Special mention is made of registered nurses Cathy MacDonald, Catherine Alexander, Michael Anne Miller, and Barb Nyman and licensed practical nurses Colleen Lueke, Kathleen Bedard, Michelle Nyland, and Trina Adams who were often the only source of emergency care when there were no doctors available to provide on call service.

Medical Office Staff provided outstanding support during the transition from a system struggling to provide basic care to a more stable model of health care. This “front line” team often had the difficult job of providing a buffer between frustrated patients and primary care providers struggling to keep up, a task they completed with professionalism and skill. Recognition is given to the following individuals for their part of the overall team effort:

Michelle Leduc began work as a Medical Office Assistant at Cascade Medical in 2013 and was involved in the transfer of over 3000 patient records (on paper) from retiring doctors onto the MedAccess electronic medical record system at the clinic.
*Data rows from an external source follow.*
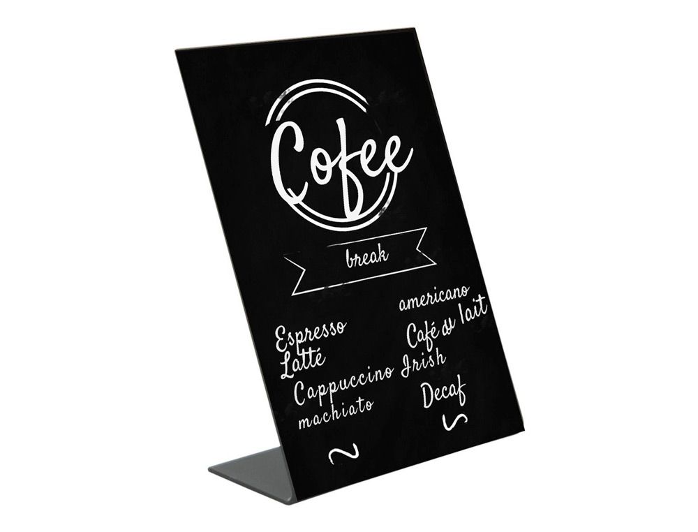 Pizarra de sobremesa archivo 2000 en forma de l A4 vertical metacrilato negro 100% reciclable 85x210x290 mm
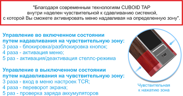 "Представляем Вашему вниманию Cuboid TAP - мод, с использованием технологии "TAPTEC" от Joyetech. Мы подошли к вопросу создания креативно и разработали кнопки, обладающие системой чувствительности к надавливанию и виброотдачей. Устройство работает, подпитываясь от двух аккумуляторов типа 18650, которые могут выдавать мощность в 228 Ватт. Также, в связке идет атомайзер ProCore Aries с инновационной системой верхней заправки в виде откидной крышки, способствующий мега-быстрой заправке. На Ваш выбор - сменные испарители типа ProC, которые отправляют пар прямо в легкие и воспроизводят огромное количество пара и сбалансированного вкуса. Прошивка Cuboid TAP - обновляемая; есть функция быстрой зарядки 2 Амперами. Дисплей - 1,3 дюйма, с возможностью кастомизации и установки часов и логотипа. Присутствует функция преднагрева и реверсивной зарядки. Помимо этого, с новыми кнопками, Cuboid Tap заставит Вас переосмыслить процесс парения и преподнесет его совершенно в новом свете"
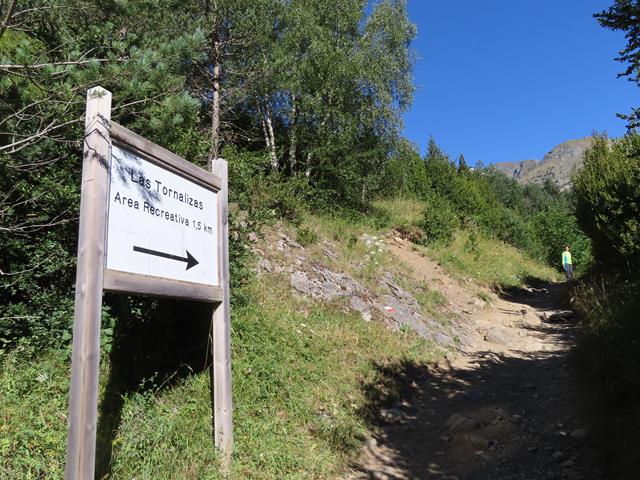 Otro de los paneles nos indica que a 1,5 km llegaremos hacia la zona recreativa de Las Tornalizas. Como os cuento, iremos remontando el río Aguas Limpias por su margen derecha, en suave ascenso por una senda cómoda y sin ningún tipo de dificultad. A medida que vamos caminando nos vamos encontrando con las pintadas rojiblancas del GR-11, sendero de gran recorrido que discurre por todo el Pirineo y que cubre en varias etapas.
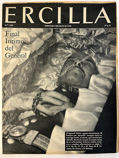 Publicación periódica. Papel impreso en disposición horizontal. En tapa texto impreso en tinta negra y blanca en parte superior, cubre el plano fotografía impresa en blanco y negro (Ex Presidente Carlos Ibañez del Campo "reposa" en el feretro). sobre ella texto en tinta negra. En su interior textos impresos en tinta blanca y negra con diferentes informaciones (noticias, reportajes, crónicas, anuncios publicitarios, etc.). Incluye múltiples fotografias, ilustraciones y tiras cómicas impresa en blanco y negro.
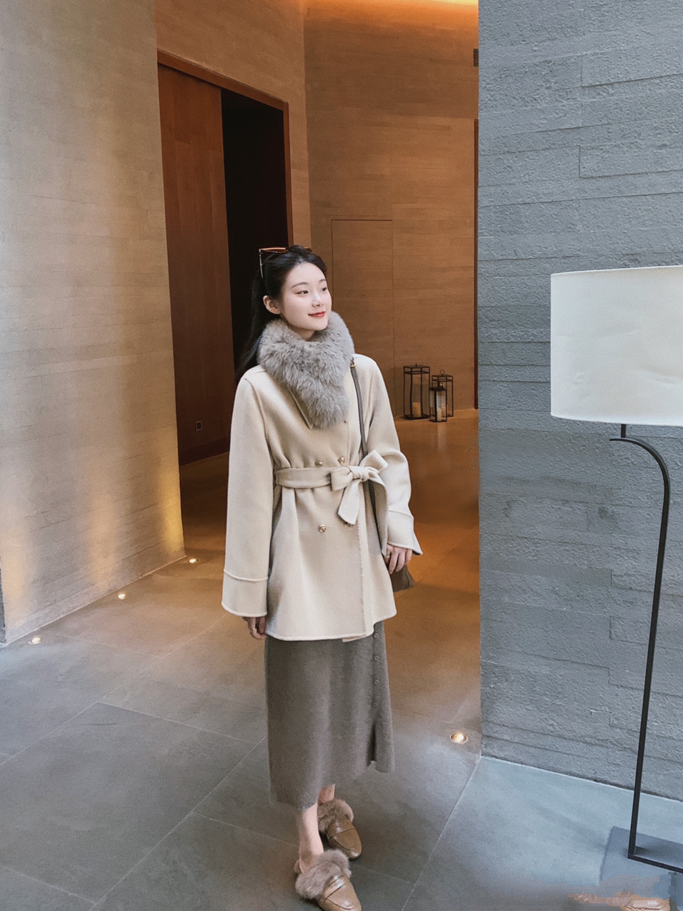 卡其色本身看上去就飽和度不高,屬於溫柔之性的顏色,下半身配上質樸低調的淺灰色針織半裙,更顯成熟穩重。領口搭配的灰色貂毛圍巾,無疑彰顯著貴婦氣質,和腳上的毛毛拖鞋形成了呼應。

Rachelle Sanderson joined Cascade Medical as an MOA in 2013 contributing to the professional stability being developing at the clinic.
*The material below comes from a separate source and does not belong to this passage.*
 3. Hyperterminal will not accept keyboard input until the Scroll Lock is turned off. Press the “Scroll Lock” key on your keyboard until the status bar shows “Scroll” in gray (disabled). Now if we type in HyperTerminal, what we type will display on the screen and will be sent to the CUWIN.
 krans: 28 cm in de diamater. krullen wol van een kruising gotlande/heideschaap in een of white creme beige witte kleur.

Laboratory Services personnel were important team members who provided 24/7 on-call service in addition to their regular duties. Lab technicians Gail Debnam, Sharon Elko, and Chris McMahon and Diagnostic Imaging technician Steve Ball deserve to be recognized for their contribution.
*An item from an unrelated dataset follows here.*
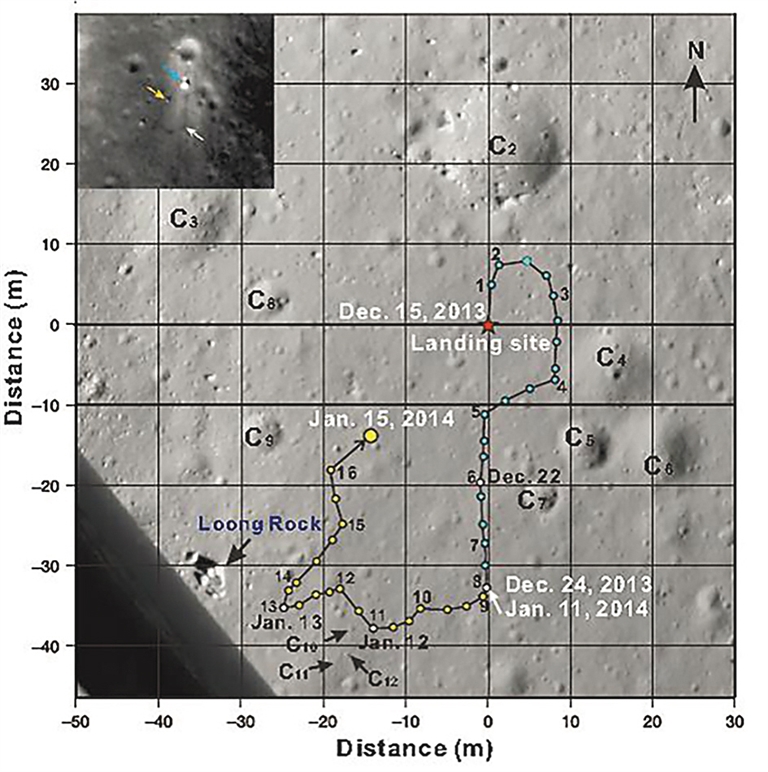 这是由中国地质大学(武汉)肖龙教授团队提供的嫦娥三号着陆点及玉兔行走探测路线图。 科学家对来自中国嫦娥三号着陆器和月球车“玉兔”的数据进行初步分析后发现,月球的地质史比人们此前认为的更为复杂。数据显示,嫦娥三号着陆区表面下至少分为9层结构,这表明在那里曾有多个地质学过程发生,对于探索月球的岩浆演化历史和后期改造作用具有非常重要的意义。这项成果3月12日发表在美国《科学》杂志上,由中国地质大学(武汉)、澳门科技大学、中国科学院电子所、中科院国家天文台和挪威奥斯陆大学等单位共同完成。这是中国嫦娥探月工程实施以来,首次在国际顶级学术期刊上发表科学成果。 新华社发

It is also important to recognize the contribution made by Susan Brown, Health Service Administrator with Interior Health. She presently serves as the manager of the professional staff at the hospital and clinic and is co-chair of the Princeton Health Care Steering Committee. Her ongoing role as a facilitator and advisor provided the team with the support needed to see them through the darkest times.

In Conclusion
Due to the tireless efforts of the entire team at Cascade Medical and Princeton General Hospital, our community now enjoys a much improved and more stable health care model. The past four years have been very difficult and at times very stressful, especially for our healthcare practitioners and professional staff. Throughout this time, our health care team remained resolute in their commitment to provide the best possible service to our community and at the same time initiated many new programs aimed at improving access to services for all Princeton and Area residents.

For this, we owe our team of health care professionals a great debt of gratitude.


Edward Staples, President
Support Our Health Care (SOHC) Society of Princeton

1 thought on “SOHC’s nomination letter for 2016 Award of Excellence in Rural Medicine

  1. Well done and congratulations to these community-minded professionals. Recently here on the “Westshore” in the Greater Victoria area, we too have been having symposiums and discussions on how to attract medical doctors and other healthcare professional to our area. Our population is experiencing a very troubling shortage of doctors. How do we attract medical professionals to live and work in our communities? We have been looking at the “Primary Health Care” model and a website entitled “Fetch” (For Everything That Is Community Health) has been created to attempt to pull together information on available services. We are very interested in how your team accomplished its successful recruitment campaign.